══ SUPPLIED MATERIAL

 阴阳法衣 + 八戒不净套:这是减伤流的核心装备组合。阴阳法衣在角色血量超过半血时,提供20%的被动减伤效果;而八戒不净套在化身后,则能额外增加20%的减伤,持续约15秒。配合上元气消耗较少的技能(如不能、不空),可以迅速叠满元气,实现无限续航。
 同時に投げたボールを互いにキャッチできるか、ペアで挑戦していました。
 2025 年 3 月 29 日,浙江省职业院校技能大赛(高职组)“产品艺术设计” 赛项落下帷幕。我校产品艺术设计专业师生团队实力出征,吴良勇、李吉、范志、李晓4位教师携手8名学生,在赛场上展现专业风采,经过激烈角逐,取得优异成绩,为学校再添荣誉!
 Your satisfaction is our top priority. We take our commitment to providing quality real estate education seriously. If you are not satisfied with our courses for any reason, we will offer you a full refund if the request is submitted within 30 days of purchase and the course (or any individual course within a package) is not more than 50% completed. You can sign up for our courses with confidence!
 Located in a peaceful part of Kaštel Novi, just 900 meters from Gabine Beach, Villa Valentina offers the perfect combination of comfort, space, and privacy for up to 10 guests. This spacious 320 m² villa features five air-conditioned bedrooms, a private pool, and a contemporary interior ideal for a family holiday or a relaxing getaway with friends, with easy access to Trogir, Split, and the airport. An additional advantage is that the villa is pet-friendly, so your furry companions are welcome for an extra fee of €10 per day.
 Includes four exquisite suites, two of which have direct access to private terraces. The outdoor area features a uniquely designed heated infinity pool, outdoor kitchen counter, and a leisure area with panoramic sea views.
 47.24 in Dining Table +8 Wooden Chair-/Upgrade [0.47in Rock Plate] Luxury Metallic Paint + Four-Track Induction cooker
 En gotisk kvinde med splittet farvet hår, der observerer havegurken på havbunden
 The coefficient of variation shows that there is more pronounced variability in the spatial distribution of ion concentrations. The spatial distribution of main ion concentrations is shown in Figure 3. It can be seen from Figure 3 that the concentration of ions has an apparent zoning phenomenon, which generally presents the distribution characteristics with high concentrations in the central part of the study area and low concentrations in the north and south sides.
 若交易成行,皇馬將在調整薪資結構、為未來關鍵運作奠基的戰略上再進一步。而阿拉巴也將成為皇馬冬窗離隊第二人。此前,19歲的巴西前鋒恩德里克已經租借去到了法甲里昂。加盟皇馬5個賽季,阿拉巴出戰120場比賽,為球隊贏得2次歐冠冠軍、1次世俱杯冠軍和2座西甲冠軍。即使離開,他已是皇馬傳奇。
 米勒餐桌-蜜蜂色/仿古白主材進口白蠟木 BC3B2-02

════
══ SUPPLIED MATERIAL

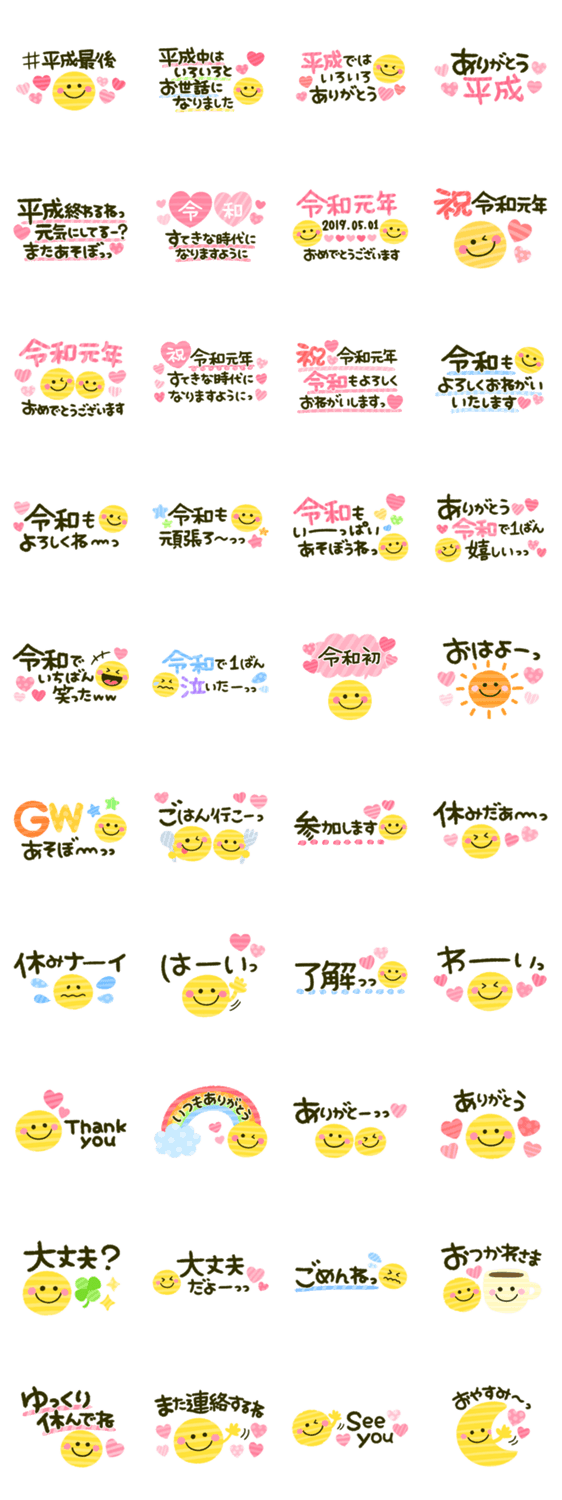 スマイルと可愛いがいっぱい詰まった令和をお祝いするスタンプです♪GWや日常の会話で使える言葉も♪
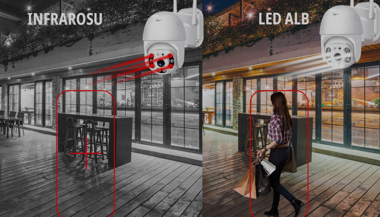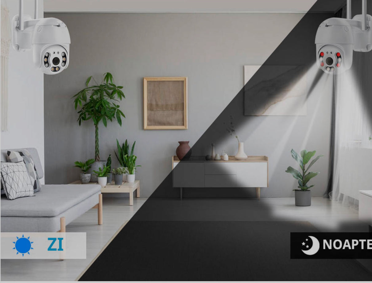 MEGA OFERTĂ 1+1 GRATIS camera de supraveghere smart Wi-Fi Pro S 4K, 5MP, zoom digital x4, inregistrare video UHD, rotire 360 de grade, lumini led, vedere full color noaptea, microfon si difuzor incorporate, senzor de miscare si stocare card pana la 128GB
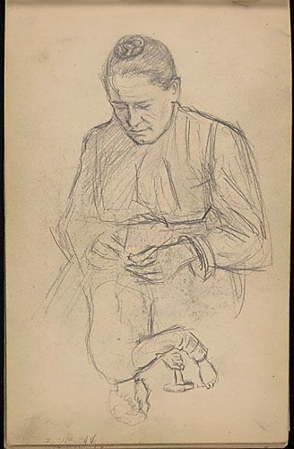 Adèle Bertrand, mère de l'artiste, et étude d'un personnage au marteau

════
══ SUPPLIED MATERIAL

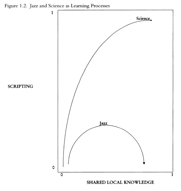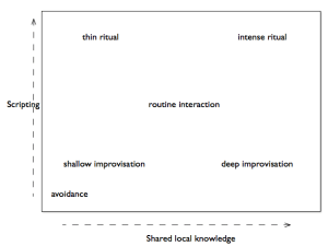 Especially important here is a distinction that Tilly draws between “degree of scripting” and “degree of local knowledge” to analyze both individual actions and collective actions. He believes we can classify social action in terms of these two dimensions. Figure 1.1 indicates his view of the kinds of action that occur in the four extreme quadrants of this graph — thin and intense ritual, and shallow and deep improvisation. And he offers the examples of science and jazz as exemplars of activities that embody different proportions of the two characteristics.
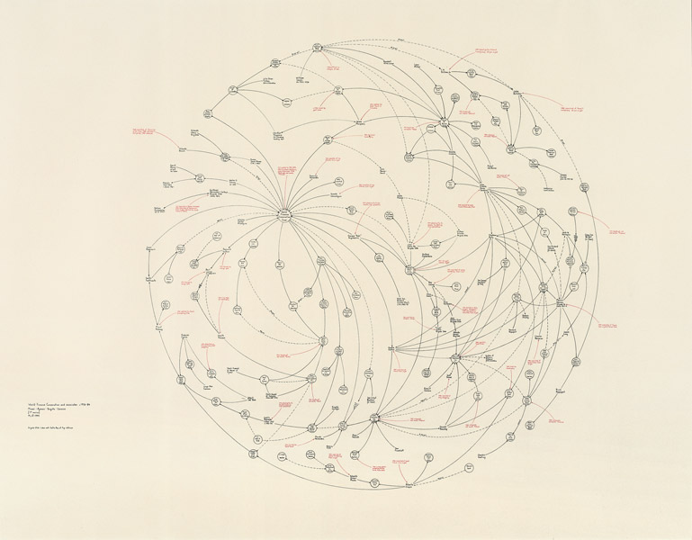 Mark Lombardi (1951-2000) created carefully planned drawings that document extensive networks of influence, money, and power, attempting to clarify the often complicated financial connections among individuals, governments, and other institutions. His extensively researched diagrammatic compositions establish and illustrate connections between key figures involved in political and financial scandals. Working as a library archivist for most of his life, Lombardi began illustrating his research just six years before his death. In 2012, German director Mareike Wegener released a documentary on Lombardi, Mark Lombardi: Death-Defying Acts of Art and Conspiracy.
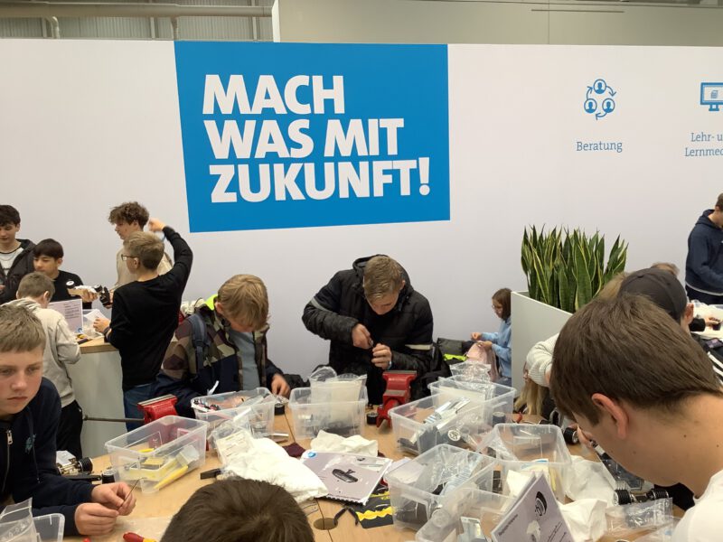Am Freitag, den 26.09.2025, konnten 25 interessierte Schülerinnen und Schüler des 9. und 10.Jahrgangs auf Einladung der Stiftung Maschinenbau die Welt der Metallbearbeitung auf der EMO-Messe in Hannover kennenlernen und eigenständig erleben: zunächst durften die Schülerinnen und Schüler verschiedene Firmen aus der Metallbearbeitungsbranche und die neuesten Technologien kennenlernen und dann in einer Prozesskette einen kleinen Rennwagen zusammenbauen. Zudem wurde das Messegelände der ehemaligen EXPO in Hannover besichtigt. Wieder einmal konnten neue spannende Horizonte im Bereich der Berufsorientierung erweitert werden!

════

### ACTIVITY
Using only the listing above, restate exactly the lines from the line containing "若交易成行,皇馬將在調整薪資" through the line containing "米勒餐桌-蜜蜂色/仿古白主材進口白蠟木 BC3B2-02", both included.

### RESULT OF THIS EXERCISE
 若交易成行,皇馬將在調整薪資結構、為未來關鍵運作奠基的戰略上再進一步。而阿拉巴也將成為皇馬冬窗離隊第二人。此前,19歲的巴西前鋒恩德里克已經租借去到了法甲里昂。加盟皇馬5個賽季,阿拉巴出戰120場比賽,為球隊贏得2次歐冠冠軍、1次世俱杯冠軍和2座西甲冠軍。即使離開,他已是皇馬傳奇。
 米勒餐桌-蜜蜂色/仿古白主材進口白蠟木 BC3B2-02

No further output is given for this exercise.